9.3) Claims for damages against B2B MG expire after 12 months from their origin, unless they are based on an illegal or intentional act.
9.4) The regulated limitations and exclusions of liability also apply to the personal liability of B2B MG’s representatives, employees and vicarious agents.
10.1) The advertisement prices result from the respectively valid price list or an individually prepared offer. Agreed or granted discounts are only valid for the quantity of advertisements ordered and are limited to 4 weeks.
10.2) B2B MG reserves the right to change the price list. However, for contracts already concluded, price changes are only effective, if B2B MG has informed the Client at least one month before the placement of the advertising material and the Client has not withdrawn from the order within 14 days for this reason.
10.3) In case of an agreed frame contract, the discounts granted by B2B MG take into account the advertising orders placed and paid with a Client during the period of twelve months (“frame year”). A retroactive rebate of already placed orders will not take place.
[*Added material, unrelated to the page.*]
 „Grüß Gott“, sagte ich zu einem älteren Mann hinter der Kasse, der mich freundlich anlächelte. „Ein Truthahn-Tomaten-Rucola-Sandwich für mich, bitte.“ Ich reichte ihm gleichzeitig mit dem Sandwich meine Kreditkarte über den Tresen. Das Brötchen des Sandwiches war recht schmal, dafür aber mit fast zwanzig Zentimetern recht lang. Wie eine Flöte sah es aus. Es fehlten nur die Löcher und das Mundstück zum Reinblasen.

Also not taken into account are orders that were placed during the frame year, but are only executed afterwards. If B2B MG has granted excessive discounts in a frame year, taking into account the total placement volume, the customer will be subsequently charged a discount. After the end of the first frame year, a new frame year begins.
10.4) For the billing of ad impressions, clicks, lead volumes, etc., only the ad server/LDS used by B2B MG is decisive.
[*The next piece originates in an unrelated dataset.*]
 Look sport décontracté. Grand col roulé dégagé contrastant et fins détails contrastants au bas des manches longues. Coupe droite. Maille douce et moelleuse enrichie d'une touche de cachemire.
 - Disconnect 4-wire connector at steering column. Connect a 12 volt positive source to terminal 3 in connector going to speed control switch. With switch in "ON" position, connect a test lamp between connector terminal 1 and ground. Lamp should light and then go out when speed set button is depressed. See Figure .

11.) Terms of payment/delayed payment
11.1) The terms of payment can be found on the contract form on which your order is based. In case of delay or deferment of payment, interest on arrears will be charged at 8% above the base rate, unless the customer proves a lower damage to B2B MG. The compensation of further damages caused by delay remains unaffected.
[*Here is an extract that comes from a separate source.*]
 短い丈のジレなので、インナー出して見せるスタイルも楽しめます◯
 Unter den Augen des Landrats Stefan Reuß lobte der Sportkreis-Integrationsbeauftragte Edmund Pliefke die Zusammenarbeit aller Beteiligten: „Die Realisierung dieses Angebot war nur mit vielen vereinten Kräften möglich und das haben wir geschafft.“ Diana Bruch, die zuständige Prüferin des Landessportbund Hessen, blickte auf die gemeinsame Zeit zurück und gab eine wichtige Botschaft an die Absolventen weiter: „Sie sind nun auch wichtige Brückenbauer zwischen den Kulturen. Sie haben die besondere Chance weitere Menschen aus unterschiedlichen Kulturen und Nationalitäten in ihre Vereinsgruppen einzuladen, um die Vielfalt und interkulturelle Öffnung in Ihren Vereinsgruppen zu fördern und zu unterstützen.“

11.2) In case of default of payment, B2B MG is entitled to invoice the current and all other advertising orders booked by the client in full and to make the placement of further advertising media dependent on the payment of the entire invoice amount. In this case, earlier agreed upon, deviating terms of payment will not be considered.
Accepted and thus legally binding advertisement orders are in principle subject to the cancellation deadlines which are directly recorded on the respective I/O. If no cancellation deadlines and/or cancellation fees are specified, the following regulation applies:
14 – 7 days before the start of the campaign: 25% cancellation fee over the entire order value
6 – 1 days before the campaign start: 50% cancellation fee over the entire order value
Once a campaign has started, it can no longer be cancelled.
13.) Assignment/ set-off/retention
13.1) The client is only allowed to assign the claims from the advertising contract with prior written consent of B2B MG. The Client can only set off claims against B2B MG, if they are undisputed or legally binding.
13.2) The assertion of rights of retention is only allowed to the Client, if the payment claim of B2B MG and the Client’s claim are based on the same legal relationship.
14.) Final provisions
14.1) Place of performance and exclusive place of jurisdiction for all disputes arising from and in connection with advertising orders is Nuremberg.
14.2) German law shall apply exclusively, excluding UN sales law.
14.3) Verbal agreements do not exist. Changes or additions to these conditions must be made in writing to be effective. This also applies to the cancellation of the written form requirement itself.
14.4) Insofar as this contract requires the written form, e-mail and fax are also permissible.